Debates
20 de outubro de 2020

O papel do setor privado na transição para uma economia de baixo carbono

Amcham e Fundação FHC se uniram aos principais especialistas e cases internacionais e nacionais, públicos e privados, em uma semana imersiva de discussões e compartilhamento de ações impactantes e inovadoras direcionadas à transição para uma economia de baixo carbono.

“Bem-vindos ao século 21, que começou de fato após a pandemia de Covid-19, e a um mundo onde a natureza e o meio ambiente terão papel central e serão domínio de todos, não apenas dos ambientalistas.” Com essa frase de impacto, a ex-ministra do Meio Ambiente Izabella Teixeira iniciou sua palestra no primeiro dia da Semana Transição para uma Economia de Baixo Carbono, promovida pela Fundação Fernando Henrique Cardoso e pela Amcham, com patrocínio da CMPC.

Durante quatro manhãs, 12 líderes empresariais, investidores e executivos do setor financeiro se encontraram online para apresentar as visões e as ações de suas empresas com o objetivo de reduzir suas respectivas pegadas de carbono e ajudar a construir um Brasil (e um mundo) mais sustentável.

“Perseguir uma agenda de sustentabilidade significa uma busca pela perenidade. O Brasil tem o maior ativo ambiental do planeta, especialistas de renome internacional e muito o que fazer em todas as esferas, incluindo governo, empresas e sociedade. O papel da Amcham é contribuir para aprofundar o debate e ampliar a diversidade de atores comprometidos com essa transição. Nesta semana, vamos conhecer casos reais e soluções aplicáveis em todo o país e no mundo”, disse Deborah Vieitas, CEO da Amcham, ao abrir o evento.

“A antecipação dos efeitos da mudança climática deu um sentido de urgência ao tema da sustentabilidade. As melhores empresas brasileiras entenderam que é do seu interesse e do interesse do país acelerar a transição para o baixo carbono. E que também pode ser um bom negócio”, afirmou Sergio Fausto, diretor da Fundação FHC e co anfitrião do evento.

“Os próximos dez anos serão chave para fazermos a grande transformação de descarbonizar nossa sociedade. A iniciativa privada tem um papel essencial ao agir de forma efetiva para reduzir drasticamente as emissões de carbono de suas operações”, disse Marcelo Furtado, consultor na área de Governança Ambiental, Social e Corporativa (ESG) e um dos mediadores do evento.
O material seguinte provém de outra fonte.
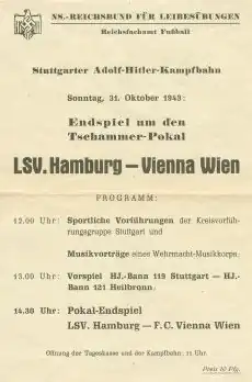 The 1943 Tschammerpokal Final decided the winner of the 1943 Tschammerpokal, the 9th season of Germany's knockout football cup competition. It was played on 31 August 1943 at the Adolf-Hitler-Kampfbahn in Stuttgart.[2] First Vienna won the match 3–2 against LSV Hamburg after extra time, to claim their 1st cup title.

Responsabilidade ambiental e social andam juntas

O tema do primeiro dia foi “Remodelando as práticas dos negócios”, e os convidados foram os CEOs Daniela Manique, Marcelo Castelli e Renato Franklin, respectivamente presidentes da Rhodia, Votorantim Cimentos e Movida. Izabella Teixeira, uma das maiores especialistas brasileiras no assunto, fez a keynote speech.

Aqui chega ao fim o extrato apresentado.